= TASK PROMPT =
Give back an exact copy of the lines in the records below, from the line that has "Djibouti Christmas Hooded" through the line that has "Kees Nevenzel (Amsterdam, 1951), 'De", and nothing besides.

= EXTRACTED RECORDS =
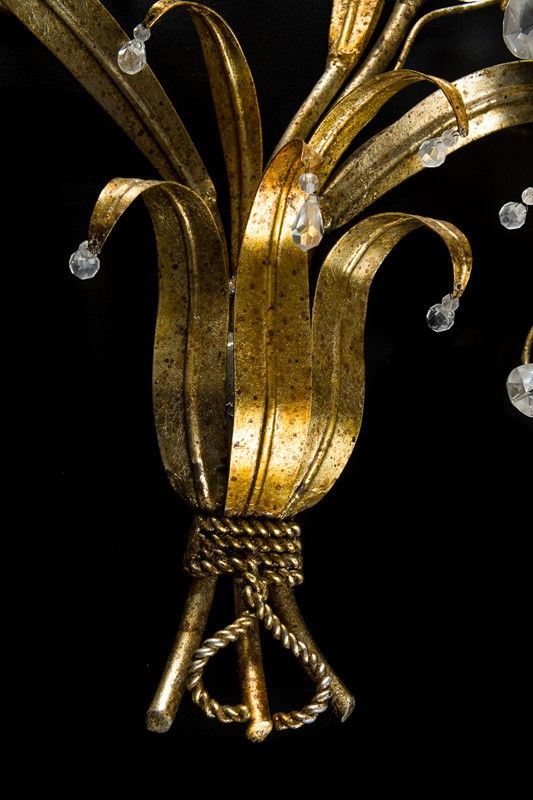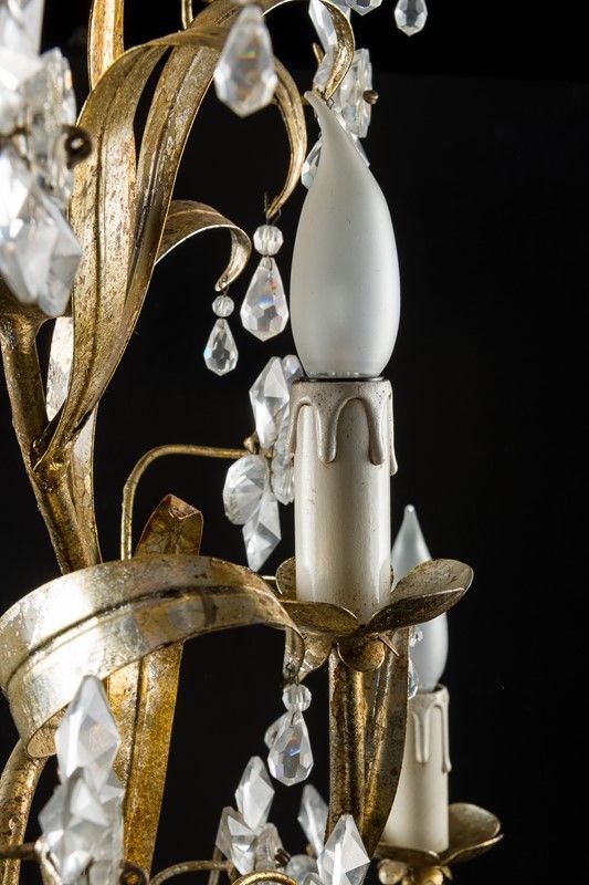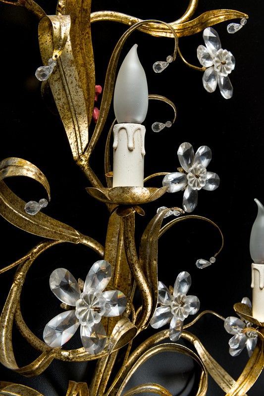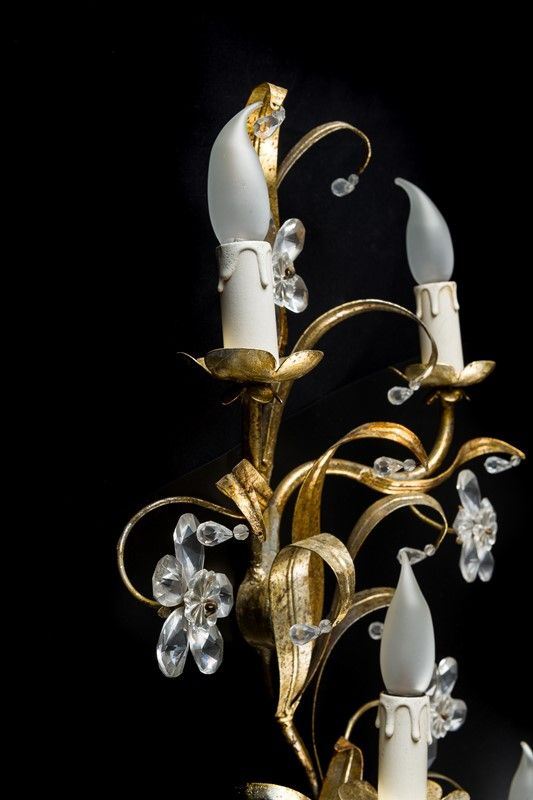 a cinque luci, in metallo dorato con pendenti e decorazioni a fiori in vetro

---

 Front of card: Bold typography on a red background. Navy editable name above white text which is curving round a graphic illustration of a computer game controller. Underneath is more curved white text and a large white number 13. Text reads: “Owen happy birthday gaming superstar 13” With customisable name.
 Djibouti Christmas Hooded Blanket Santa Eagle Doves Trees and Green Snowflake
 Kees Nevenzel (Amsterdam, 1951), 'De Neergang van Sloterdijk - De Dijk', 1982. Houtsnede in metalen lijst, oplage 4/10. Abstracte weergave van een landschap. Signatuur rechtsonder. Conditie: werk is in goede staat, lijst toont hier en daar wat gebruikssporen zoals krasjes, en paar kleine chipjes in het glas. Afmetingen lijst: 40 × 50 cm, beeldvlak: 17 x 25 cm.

= TASK OUTPUT =
 Djibouti Christmas Hooded Blanket Santa Eagle Doves Trees and Green Snowflake
 Kees Nevenzel (Amsterdam, 1951), 'De Neergang van Sloterdijk - De Dijk', 1982. Houtsnede in metalen lijst, oplage 4/10. Abstracte weergave van een landschap. Signatuur rechtsonder. Conditie: werk is in goede staat, lijst toont hier en daar wat gebruikssporen zoals krasjes, en paar kleine chipjes in het glas. Afmetingen lijst: 40 × 50 cm, beeldvlak: 17 x 25 cm.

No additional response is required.